Data shown |
"""

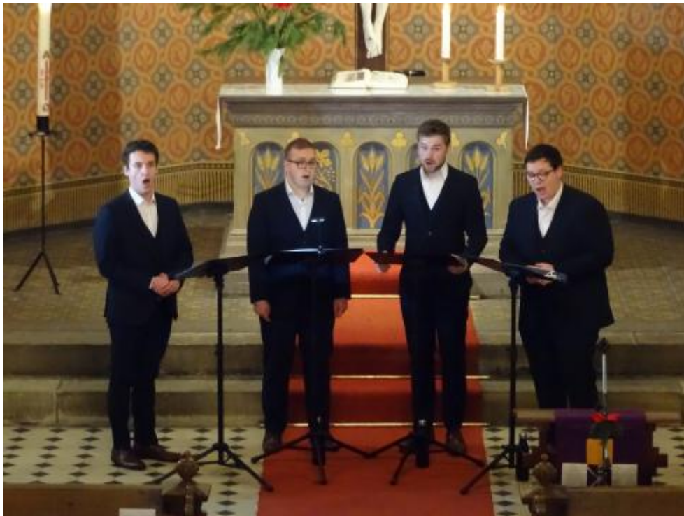
In Leopoldshall sangen im Advent "Mehr als vier" ...

... und in Hecklingen waren zu Heiligabend - nein, genauer gesagt: für Heiligabend - Engel auf dem Rathausplatz.
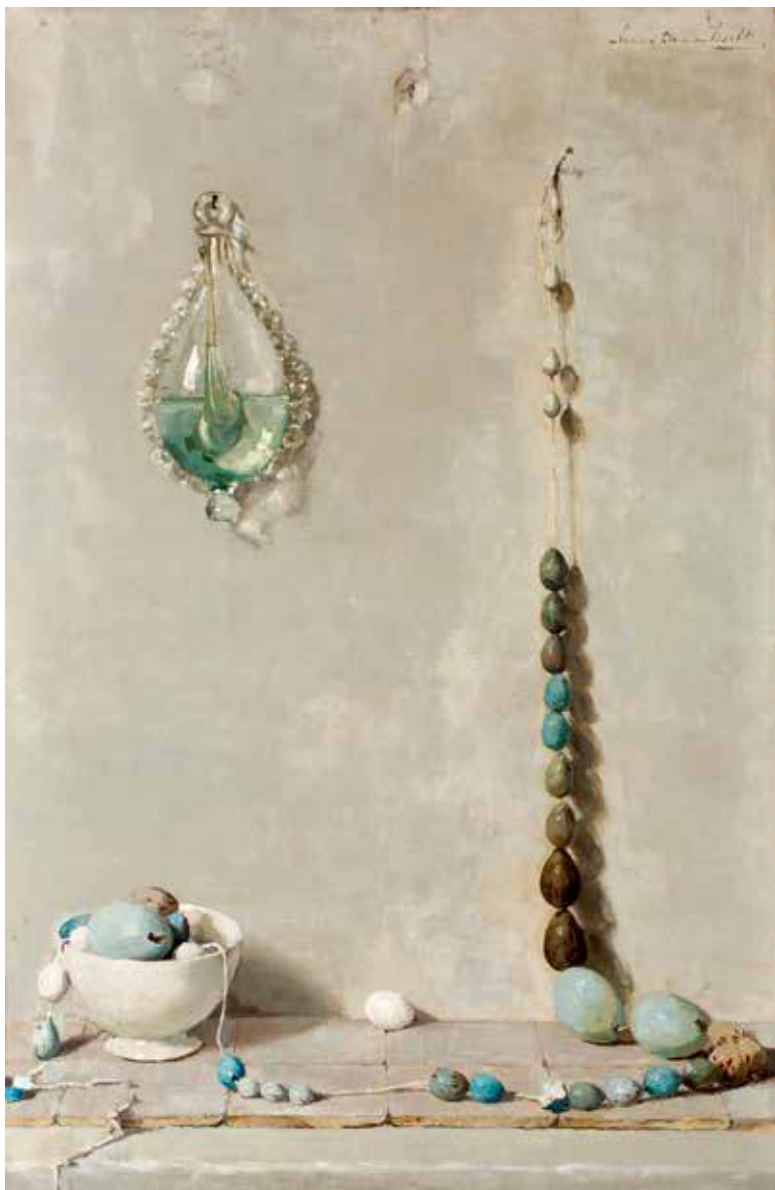
'Eiersnoer met stormglas', 1920, olieverf op paneel, 89 x 59 cm, part. coll.

Lucie van Dam van Isselt was begin vorige eeuw gerespecteerd lid van Haagse kunstenaarsverenigingen, maar verkoos het pittoreske stadje Veere, dat zij schilderde 'met een verfijning die tegen een stootje kon'.

"""

Exercise prompt | Give every line above again exactly, omitting whatever pictures appear.

Expected answer |
In Leopoldshall sangen im Advent "Mehr als vier" ...

... und in Hecklingen waren zu Heiligabend - nein, genauer gesagt: für Heiligabend - Engel auf dem Rathausplatz.
'Eiersnoer met stormglas', 1920, olieverf op paneel, 89 x 59 cm, part. coll.

Lucie van Dam van Isselt was begin vorige eeuw gerespecteerd lid van Haagse kunstenaarsverenigingen, maar verkoos het pittoreske stadje Veere, dat zij schilderde 'met een verfijning die tegen een stootje kon'.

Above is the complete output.